• The task: Make an exact transcript of the lines in the data below, starting with the one containing "تتوفر فرصة للتطوع" and going on through the one containing "- Vehicle Routing", with both included and the pictures left out.

• Provided records:
= = = = = = =
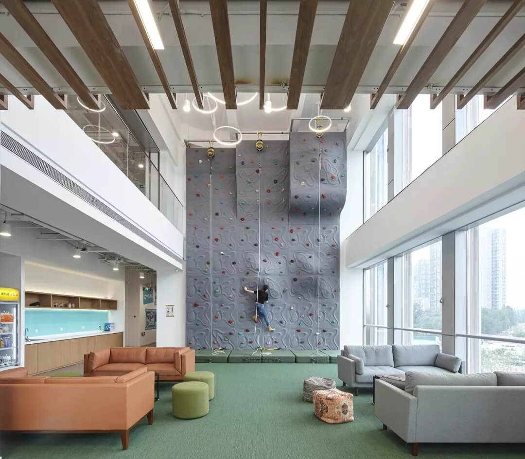 綠籬奇跡島,是自然,健康運動,挑戰(zhàn)自我的主題公共空間。木質(zhì)格柵樓梯在二層延伸出一個通透的格柵BOX,形成豐富的空間層次和視覺高差。同時設(shè)置攀巖墻,瑜伽室和健身房,展現(xiàn)新氧人不懼挑戰(zhàn),運動健康的生活方式。
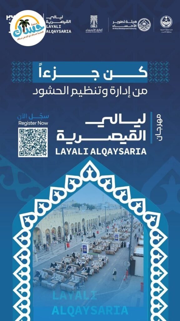 تتوفر فرصة للتطوع في إدارة وتنظيم الحشود خلال مهرجان “ليالي القيصرية” في الأحساء، برعاية هيئة تطوير الأحساء وأمانة الأحساء. التسجيل متاح الآن عبر مسح رمز الاستجابة السريعة (QR code) الموجود في الإعلان.
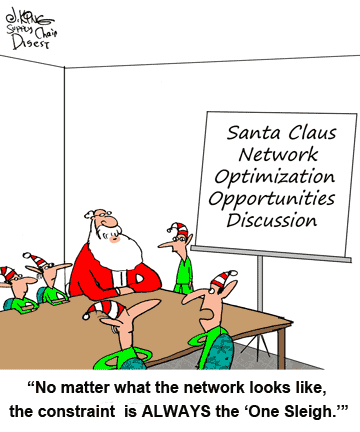 - Vehicle Routing Problem: However, the main problem that Santa and his associates face is the problem of route planning. Santa has to define not only the number of trips necessary to deliver all the presents but also the optimal routes for each of these trips. Santa seems to find himself in the situation of having to solve several travel salesman problems (TSPs): “Given a list of cities and the distances between each pair of cities, what is the shortest possible route that visits each city exactly once and returns to the origin city?”. If you would like to try solving one of these TSPs for Christmas with your children or friends, a few years ago Professor Laura Albert reported one of them on her blog Punk Rock Operation Research.
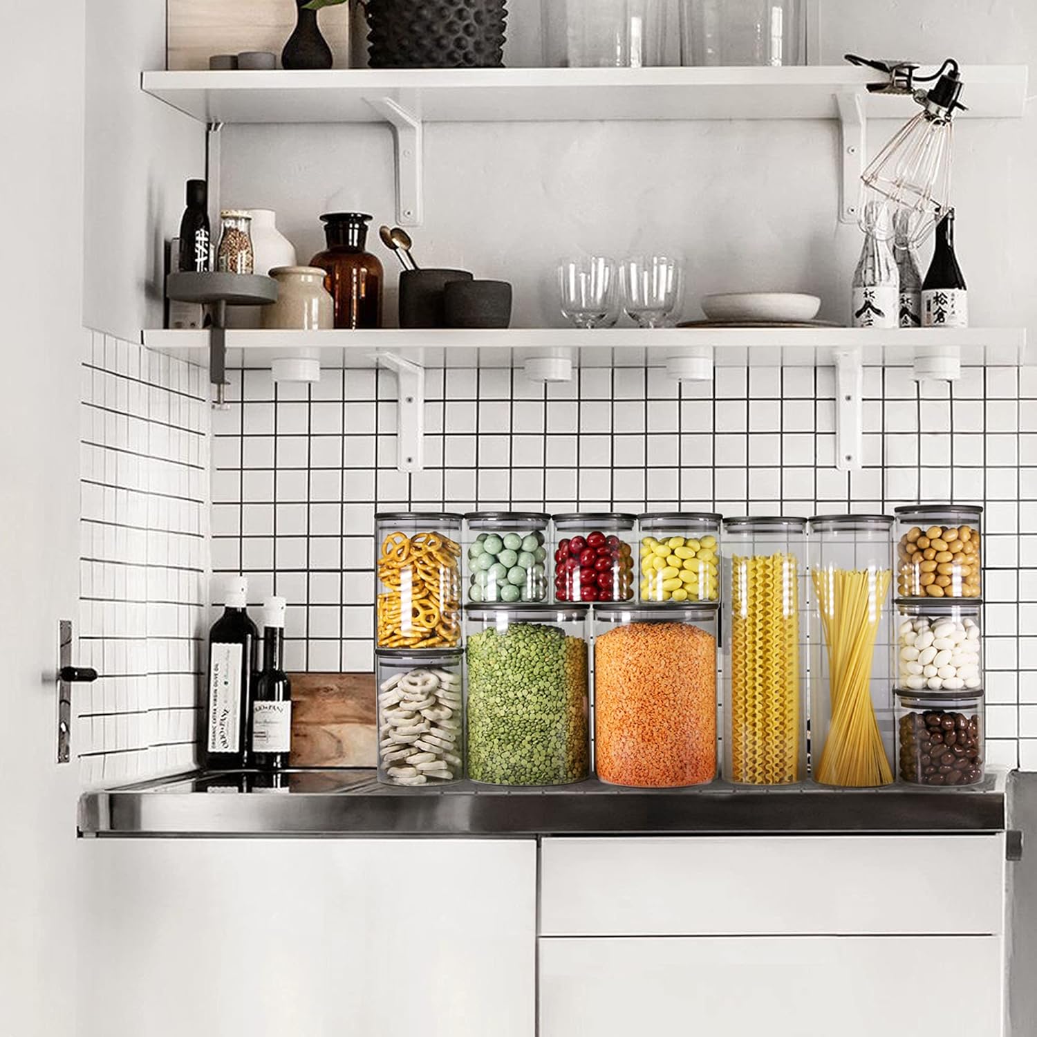 • ✅ 2021 NEW STYLISH BLACK LID: Looking for black and white, cool and stylish home deco? These Urban Green glass food storage canister sets with black lids are perfect for contemporary pantry design. We carefully selected 5 different sizes from 6oz to 100oz that can store any dry food, such as pasta, beans, nuts, cookies, spice or flour. Try our black lids glass jars for a new modern pantry organization.
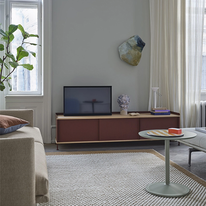 Avec la série de rangements Enfold, le designer Thomas Bentzen transpose les éléments à la fois industriels et naturels dans un meuble pour la maison. Fabriqué à partir d'acier laqué qui enveloppe élégamment le plateau et la base en chêne massif, le buffet Enfold fusionne des matériaux froids et chauds dans une expressions unique. Edité par MuutoEnfold combine le côté chaleureux du bois, faisant référence aux buffets classiques, avec l'aspect plus contemporains de la façade en acier laqué strié, pour un look industriel raffiné. La collection de meubles de rangement Enfold par Muuto se décline en quatre tailles, toutes équipées d'étagères ajustables et de sorties de câbles discrètes. Les meubles Enfold s'adaptent à vos espaces de vie comme console multimédia, meuble d'entrée ou encore comme buffet de rangement.
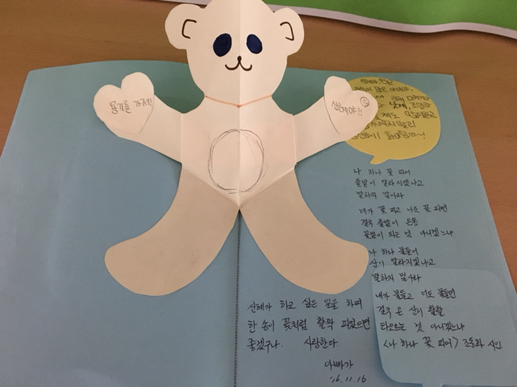 한 학년을 마무리하던 12월, 크리스마스를 앞두고 아이들과 둥그렇게 둘러앉았습니다. 그리고 아이들 한명 한명에게 여권 케이스와 편지를 선물로 주었습니다. 머지 않아 우리 국제공항에서 같이 만나자고요. 보다 넓은 세상을 꿈꾸라는 의미에서 말입니다.
= = = = = = =
• Answer to this exercise:
 تتوفر فرصة للتطوع في إدارة وتنظيم الحشود خلال مهرجان “ليالي القيصرية” في الأحساء، برعاية هيئة تطوير الأحساء وأمانة الأحساء. التسجيل متاح الآن عبر مسح رمز الاستجابة السريعة (QR code) الموجود في الإعلان.
 - Vehicle Routing Problem: However, the main problem that Santa and his associates face is the problem of route planning. Santa has to define not only the number of trips necessary to deliver all the presents but also the optimal routes for each of these trips. Santa seems to find himself in the situation of having to solve several travel salesman problems (TSPs): “Given a list of cities and the distances between each pair of cities, what is the shortest possible route that visits each city exactly once and returns to the origin city?”. If you would like to try solving one of these TSPs for Christmas with your children or friends, a few years ago Professor Laura Albert reported one of them on her blog Punk Rock Operation Research.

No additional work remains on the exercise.